Lidia se alejó trastabillando; sus piernas temblorosas amenazaban con dejar de sostenerla. Se obligó a seguir caminando, imaginándose los ojos de Burson clavados como hierros al rojo en su pálida espalda. Se preguntó si continuaría observándola o si habría perdido ya el interés por la inofensiva y cimbreña chica aflautada, el animal de Belari, la egoísta sabandija que se escondía en los armarios y obligaba a la servidumbre a remover cielo y tierra para encontrarla.
Sacudió la cabeza, asombrada. Burson no había visto nada. Burson, a pesar de todos sus aumentos, estaba ciego, tan acostumbrado a inspirar terror que ya no era capaz de distinguir el miedo de la culpa.
Un nuevo grupo de admiradores se arremolinaba en torno a Belari, personas que sabían que pronto sería independiente. Una vez las chicas aflautadas salieran al mercado, Belari sería casi tan poderosa como Vernon Weir, valiosa no solo por sus propias dotes artísticas, sino también por su establo de talentos. Lidia se dispuso a reunirse con ella, con el frasquito de liberación oculto en el puño.
Nia se encontraba junto a Belari, hablando con Claire Paranovis, de SK Net. Asentía educadamente ante todo lo que la mujer le contaba, actuando tal y como Belari les había enseñado: siempre corteses, nunca ariscas, siempre encantadas de conversar, sin nada que ocultar y con historias que contar. Así había que comportarse con los medios de comunicación. Mientras los mantuvieras saciados, jamás mirarían más adentro. Nia parecía sentirse cómoda en su papel.
Por un momento, Lidia sintió una punzada de pesar por lo que se disponía a hacer; después llegó junto a Belari, que sonrió y la presentó a las personas que la rodeaban con fanática afectuosidad. Mgumi Story. Kim Song Lee. Maria Blyst. Takashi Gandhi. Nombres y más nombres, la fraternidad global de las élites mediáticas.
Lidia sonrió e hizo una reverencia mientras Belari desviaba las manos extendidas que pretendían felicitarla, protegiendo su delicada inversión. Lidia se comportaba tal y como dictaba su adiestramiento, pero en su mano el frasquito reposaba cubierto de sudor, una gema diminuta de poder y destino. Stephen tenía razón. Los pequeños solo controlaban su propia extinción, a veces ni siquiera eso. Lidia vio cómo los invitados degustaban las lonchas de Stephen, ensalzando su dulzura. A veces, ni siquiera eso.
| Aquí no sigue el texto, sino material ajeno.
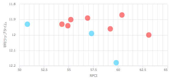 レースタイムは1分47秒台になることが多く、速いレースタイムにはなり難い印象。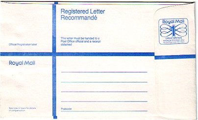 September 23rd 1986. Queen's Head omitted. Royal Mail/1/GREAT BRITAIN/MINIMUM POSTAGE AND/REGISTRATION FEE PAID.

Dio la espalda a la multitud de admiradores y cogió una fresa de las pirámides de frutas de la mesa de los refrigerios. Tras mojarla en nata y rebozarla en azúcar, paladeó la mezcla de sabores. Seleccionó otra fresa, roja y tierna entre sus dedos como patas de araña, un dulce medio para una merecida aunque amarga liberación.
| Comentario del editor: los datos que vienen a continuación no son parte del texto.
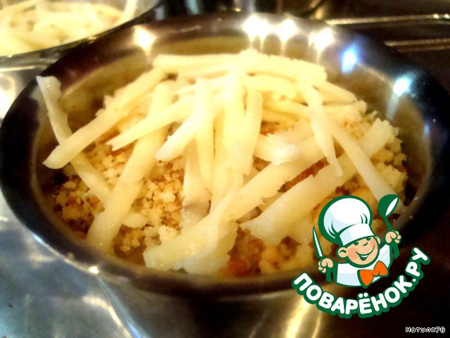 Кокотницы смазываем маслом, присыпаем панировочными сухарями, выкладываем будущий жюльен. Сверху присыпаем сухарями и сыром. Ставим в духовку запекаться до золотистой корочки.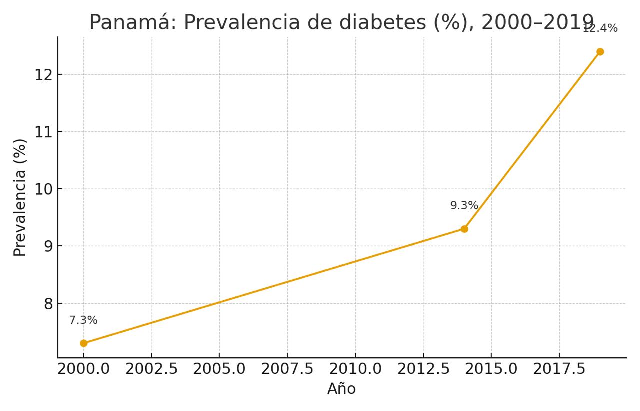 En Panamá, la prevalencia de diabetes ha pasado del 7.3% en el año 2000 al 12.4% en 2019, y continúa aumentando. Esto implica un incremento significativo en amputaciones, ceguera y enfermedades renales crónicas que demandan diálisis a edades cada vez más tempranas.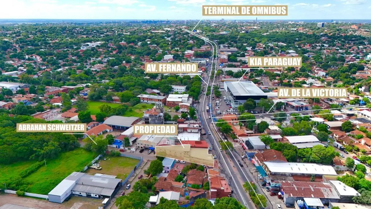 Propiedad en esquina sobre la Avenida Fernando de la Mora, a pocas cuadras de la Terminal de Ómnibus de Asunción, ubicada en una de las zonas más transitadas y comerciales de la ciudad.

Con el pulgar, desprendió el diminuto corcho del bote y salpicó la suculenta fresa de rocío ambarino. Se preguntó si le dolería, o si sería rápido. Daba igual, pronto sería libre. Gritaría, caería al suelo y los invitados darían un paso atrás, consternados por la pérdida de Belari. Ésta sufriría una humillación y, lo más importante, perdería el valor de las gemelas aflautadas. Volvería a ser presa de las lascivas manos de Vernon Weir.
Lidia contempló la fresa envenenada. Dulce, pensó. La muerte debería ser dulce. Vio cómo Belari la observaba, sonriendo afectuosamente, alegrándose sin duda de encontrar a otra persona tan adicta a los dulces como ella. Lidia sonrió para sus adentros, complacida por el hecho de que Belari fuera a ser testigo del momento de su rebelión. Se llevó la fresa a los labios.
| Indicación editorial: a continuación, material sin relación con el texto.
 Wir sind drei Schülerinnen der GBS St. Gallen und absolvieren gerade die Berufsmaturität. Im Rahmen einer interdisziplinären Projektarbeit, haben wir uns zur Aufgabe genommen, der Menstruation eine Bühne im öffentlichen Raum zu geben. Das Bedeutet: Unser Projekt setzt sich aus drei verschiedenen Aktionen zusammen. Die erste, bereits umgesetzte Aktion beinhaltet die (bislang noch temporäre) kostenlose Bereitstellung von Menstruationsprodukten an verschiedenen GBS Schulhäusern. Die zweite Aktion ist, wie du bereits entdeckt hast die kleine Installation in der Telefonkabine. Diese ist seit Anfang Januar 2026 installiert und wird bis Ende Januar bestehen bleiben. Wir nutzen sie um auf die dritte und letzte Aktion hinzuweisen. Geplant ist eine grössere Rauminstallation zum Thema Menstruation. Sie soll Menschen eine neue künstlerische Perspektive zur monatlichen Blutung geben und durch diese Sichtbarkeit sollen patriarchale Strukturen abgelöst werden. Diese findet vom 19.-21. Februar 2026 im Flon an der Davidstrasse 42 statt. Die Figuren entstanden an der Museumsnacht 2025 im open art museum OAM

De improviso, un arrebato de inspiración le susurró algo al oído.
Al filo de la muerte, Lidia se interrumpió, se giró y le ofreció la fresa a su benefactora.
Le rindió la fresa en actitud de pleitesía, con la humildad propia de una criatura poseída por completo. Inclinó la cabeza mientras sostenía la fresa en la palma de su mano pálida, recurriendo a todo su talento, representando el papel de la sierva leal desesperada por agradar. Contuvo el aliento, ajena al mundo que la rodeaba. Todos los invitados y las conversaciones habían desaparecido. Todo era silencio.
Ante ella solo quedaban Belari, la fresa y un instante congelado repleto de deliciosas posibilidades.